Chen Shih-Yeh, Lai Chin-Feng, Hwang Ren-Hung, Lai Ying-Hsun, Wang Ming-Shi
Department of Engineering Science, National Cheng Kung University, Tainan, 701, Taiwan, Republic of China.
School of Computer & Software, 210044, Nanjing, China.
J Med Syst. 2015 Dec;39(12):194. doi: 10.1007/s10916-015-0343-y. Epub 2015 Oct 21.

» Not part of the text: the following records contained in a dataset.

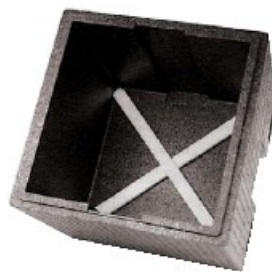
Insero croce polipropilene Cross PP Scheider, PP Séparateur, PP Separador en cruz, PP

Trasporta scatole pizza max. 35x35 cm. It carries pizza boxes of max 35x35 cm.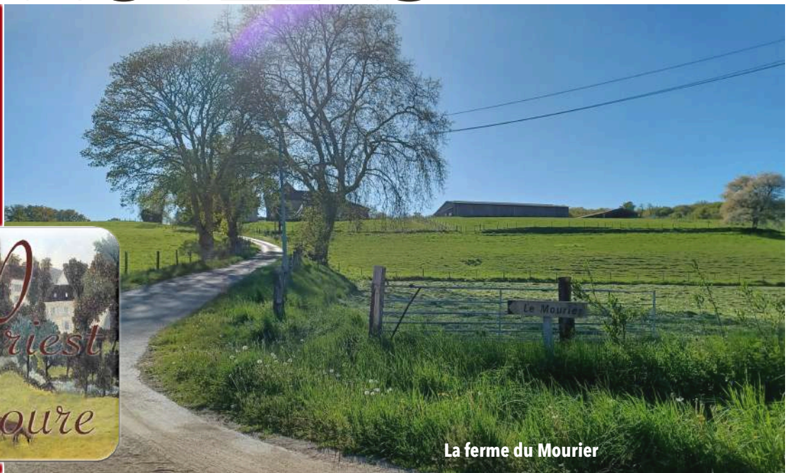
La ferme du Mourier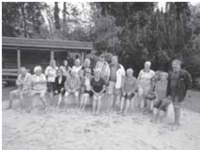
Am 25. Juli 2013 im Jungbornpark an den Tennisplätzen um 17:00 Uhr.

Die Arbeit der Abteilung für Reha-Sport und Freizeitgestaltung richtet sich nicht nur auf die Ausübung sportlicher Übungen, es geht auch um die Gestaltung und Organisation von gemeinsamen Ausflügen, Radwanderungen und sonstigen Gruppenaktivitäten, die Freude und gute Gemeinschaft bringen. Wir treffen uns auch in den Ferien, z. B: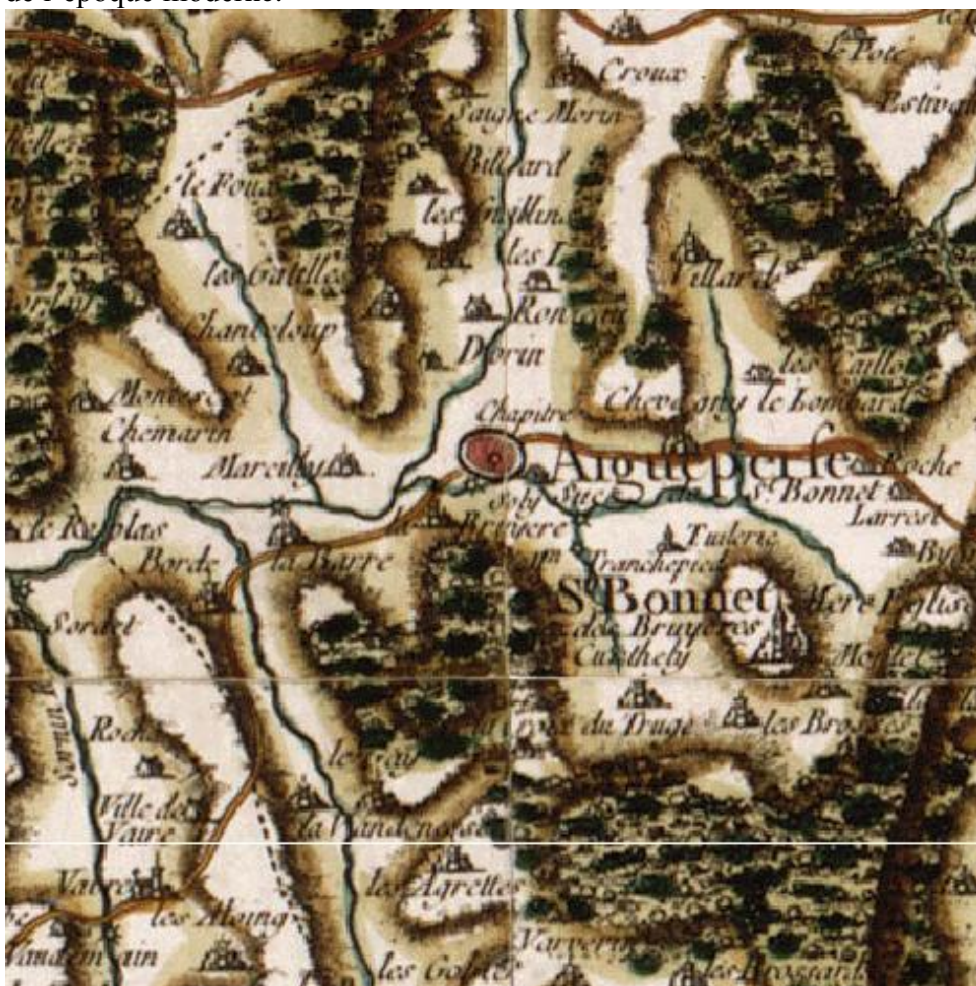
Carte de Cassini.

Les sources sont très lacunaires. Des statuts copiés à la fin du XVe siècle 64 ont été conservés mais il faut déplorer la disparition des archives médiévales en grande partie en 1562 mais aussi pendant la période révolutionnaire. Quelques fragments de registres de délibérations capitulaires apportent ponctuellement une aide mais il faut se contenter des copies de la charte d'érection, des statuts du XVe siècle et des procès-verbaux de visites pastorales de l'époque moderne.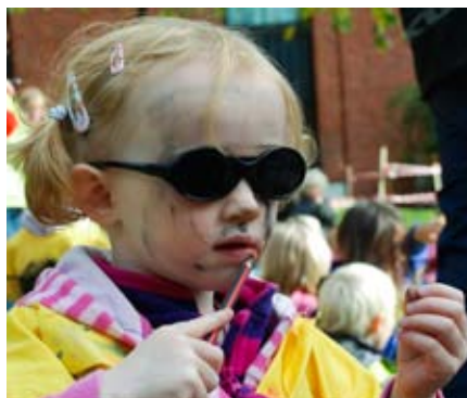
selvutsmykking: Det går jo fint å male seg sjøl også.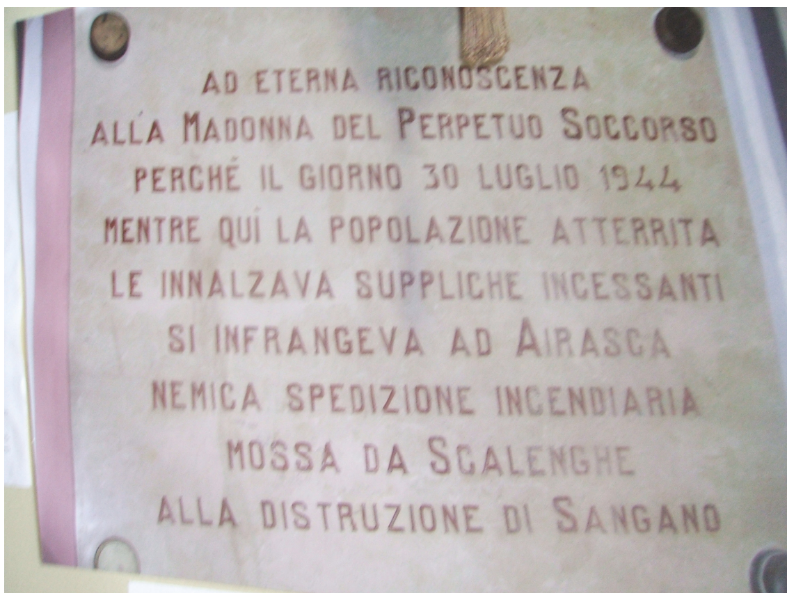
La lapide nel presbiterio della cappella del Soccorso della Chiesa Parrocchiale di Sangano

Una lapide nel presbiterio della Cappella del Soccorso nella Chiesa Parrocchiale di Sangano fu posta a ricordo di questo avvenimento.

As cloud computing and wearable devices technologies mature, relevant services have grown more and more popular in recent years. The healthcare field is one of the popular services for this technology that adopts wearable devices to sense signals of negative physiological events, and to notify users. The development and implementation of long-term healthcare monitoring that can prevent or quickly respond to the occurrence of disease and accidents present an interesting challenge for computing power and energy limits. This study proposed an adaptive sensor data segments selection method for wearable health care services, and considered the sensing frequency of the various signals from human body, as well as the data transmission among the devices. The healthcare service regulates the sensing frequency of devices by considering the overall cloud computing environment and the sensing variations of wearable health care services. The experimental results show that the proposed service can effectively transmit the sensing data and prolong the overall lifetime of health care services.
随着云计算和可穿戴设备技术的成熟,相关服务近年来越来越受欢迎。医疗保健领域是这项技术的热门服务领域之一,该技术采用可穿戴设备来感知负面生理事件的信号,并通知用户。能够预防或快速应对疾病和事故发生的长期医疗保健监测的开发和实施,对计算能力和能量限制提出了一个有趣的挑战。本研究提出了一种用于可穿戴医疗保健服务的自适应传感器数据段选择方法,并考虑了来自人体的各种信号的传感频率以及设备之间的数据传输。医疗保健服务通过考虑整体云计算环境和可穿戴医疗保健服务的传感变化来调节设备的传感频率。实验结果表明,所提出的服务能够有效地传输传感数据,并延长医疗保健服务的整体寿命。